Here we go, another holiday season again, something I personally do not enjoy. I am sorry to say, neither Christmas, Hanukah, or Kwanzaa have any meaning to me. I celebrate none of them and, unfortunately, do not look forward to this time of year. And by the way, what the heck ever happened to Kwanzaa? Do people still celebrate it? I have not heard anything about it in years.
Now it isn’t that I don’t like holiday lights and decorations; some I really do enjoy, including my own house, which I decorate with lights each year. However, although I did sing in the Annapolis glee club, regrettably, I have grown to despise Christmas carols, especially when they start up right after Thanksgiving. As soon as I hear that first Christmas carol on the radio, I turn it off until after New Year’s.
But back to the Holidays. Let’s start with Hanukah, which celebrates when the oil in the temple’s eternal flame lasted eight days rather than only a single day. I am sure if that story is at all true, which I doubt, the reason the oil lasted eight days was that someone was smart enough to turn down the wick. I suppose if you wanted to insist it was God’s work, you could say the Rabbis were not smart enough to figure it out for themselves, so God had to tell them to turn down the wick.
As to Christmas, you have to get past a lot of hurdles to believe that one. Firstly you have to get past the central tenet of Christmas, the virgin birth. I have to be careful what I say about that one, but as great of misgivings I may personally have on that, it might actually be possible. I remember my wife telling me that a few of her clients’ teenage daughters, while she was a social worker in Florida, had also made that same claim to their parents and, like Mary, why would they ever lie?
But let’s get to the good part, Santa Klaus. Even as a very young child, I found that story ridiculously implausible, and I could not believe so many of my friends actually believed it.
In our house back in Indianapolis, we had two fireplaces. I remember looking up inside both of them and realizing there was no way in hell a fat man could get down through there, especially while carrying a bag of gifts and somehow even keeping clean while doing it.
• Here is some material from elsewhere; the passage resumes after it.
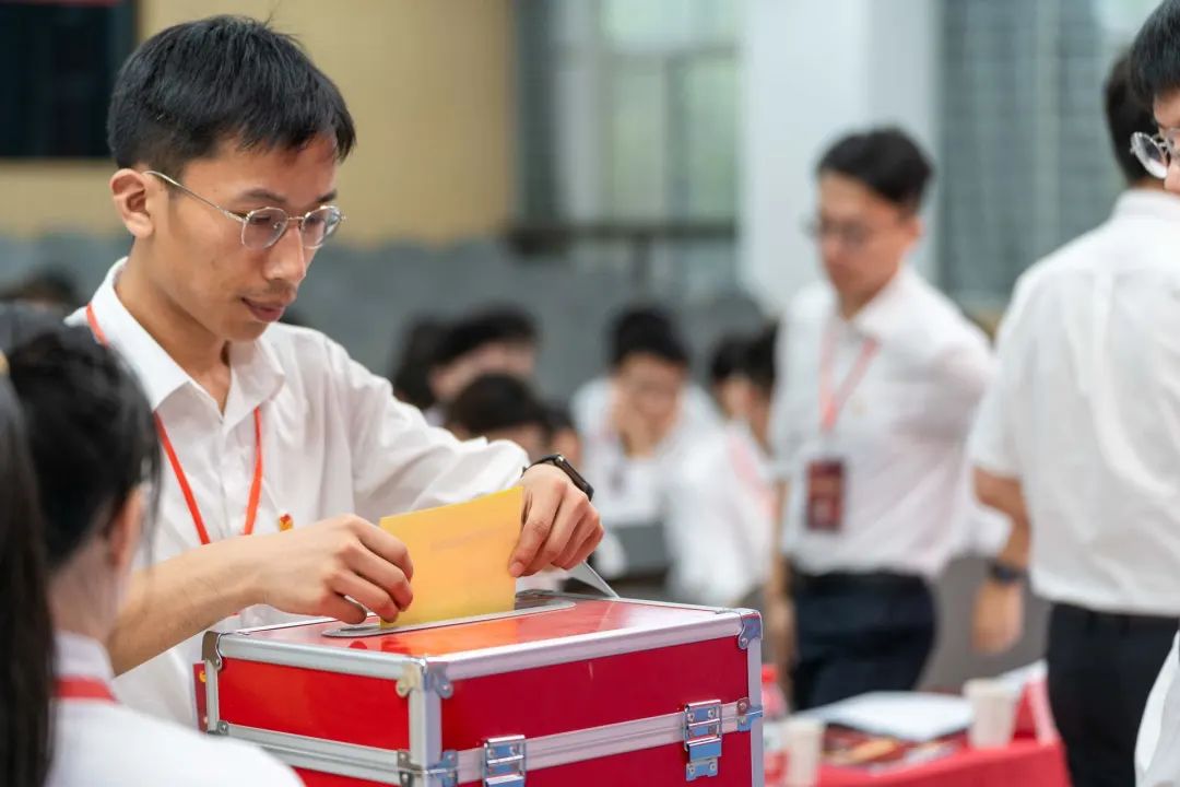 大会进入第二阶段,袁航宣读《大会选举办法》,刘敏宣读共青团维多利亚vic003第一届委员会候选人,以及参加共青团维多利亚vic003第十一次代表大会代表候选人名单。随后,大会进行选举。

But what about the houses that didn’t even have fireplaces? What did Santa do? Did the people who lived there have to leave their doors or windows unlocked? And what if everything was locked up tight and the kids inside had been good all year? Did Santa just break in? I didn’t remember hearing any stories of police reports about that.
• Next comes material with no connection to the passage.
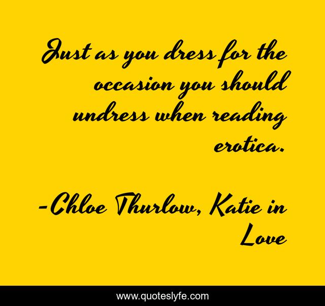 This page presents the quote "Just as you dress for the occasion you should undress when reading erotica.". Author of this quote is Chloe Thurlow, Katie in Love. This quote is about reading-erotica, erotica,.

But the concepts that puzzled me the most about Santa Klaus had to do with logistics and physics. Yes, I didn’t know what those meant back then, but I did comprehend the issues involved. Like, how many houses would Santa have to visit in one night; it had to be billions. And how many trips back and forth to the North Pole would he have to make? Surely a sleigh could not carry that many gifts at one time. Did he have hidden warehouses around the world in some places, and — where were they hidden?
And then we get to the big problem, Santa Klaus’s flying through the air. I remember my older brother and I pondering this issue. In our naivety, we agreed there must be a way to offset gravity, maybe an electrical beam or something like that Santa could turn on and off, but what about propulsion? How do those eight tiny reindeer make the sleigh move forward as everyone knows you can’t get any real traction in the air.
The only thing we could come up with was that it must have been accomplished by extreme flatulence. Yes, a continual outpouring of gas by the reindeer powerful enough to propel the sleigh swiftly forward. If that was the secret, how did Santa provide the reindeer enough beans to sustain such an intense and continual discharge? How many cans of beans can he possibly carry in the sleigh and still have room for gifts, and how many would he need?
That turned out to be totally perplexing for us as we had no idea how much gas one bean generated, and even if we did, how many beans are there in one can? We then got into a more troubling issue. How could Santa possibly survive sitting directly behind such a powerful expulsion of foul-smelling gas, not only survive but even keep on smiling? I never saw any pictures of him where he was wearing a gas mask? Have any of you?
But then the real clincher as surely during the night at least one of the reindeer most likely would have to take a poop, and here is Santa sitting directly behind and not even wearing a face mask or protective gear. At the trillion miles an hour, he would have to be traveling, a good size turd striking him at that speed would like a meteor and totally obliterate him in a blinding flash of light. And – maybe that was the star over Bethlehem?